🤖 AI Summary
This work addresses the challenge of effectively matching semantically similar features across layers in sparse autoencoders (SAEs) and compressing large feature circuits into interpretable supernodes. The authors formulate this as a unified problem of estimating semantic distances between SAE features residing on different activation manifolds. They propose a feature representation based on activation-weighted distributions and compare these representations using Wasserstein distance within a shared reference space. The method exhibits invariance to activation rescaling and robustness to perturbations, enabling accurate recovery of true matches even with limited samples. Experimental results demonstrate that the approach significantly outperforms baselines relying on decoder vectors or large language models, capturing subtle functional differences and enabling automatic, interpretable circuit compression.
📝 Abstract
Sparse autoencoders (SAEs) have become a central tool for interpreting language models. However, two key SAE analyses that remain difficult to scale are (1) matching semantically similar features across multi-layers and (2) compressing large feature circuits into interpretable supernodes.
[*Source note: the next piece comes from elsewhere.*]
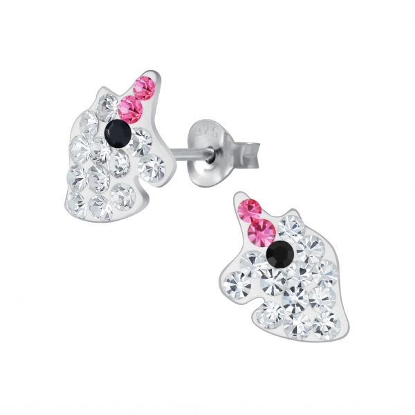 Silver Unicorn Crystal Stud Earrings
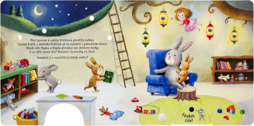 Foukni na knížku a nechej také rozzářit světélka! Foukni, rozsviť, počti si v knížce o zvířátkách, která se chystají spát, a o tom, co je čeká, než zavřou očka.

Although these have been treated as separate problems, we show that both are instances of a more fundamental challenge, which we frame as the estimation of semantic distances between SAE features that lie on different activation manifolds. We introduce a distributional framework for this problem, in which each feature is represented not by a single decoder vector like in the literature, but by an activation-weighted distribution over the hidden states that express it. By projecting these distributions into a shared reference space and comparing them with Wasserstein distance, our method provides a unified semantic metric for cross-layer feature comparison. We prove that our representation is invariant to activation rescaling, stable under perturbations, and recovers true matches under finite-sample margin conditions. Empirically, our method outperforms decoder-vector and LLM-based baselines and captures subtle functional distinctions between related features. Notably, our method compresses large feature circuits into interpretable supernodes automatically.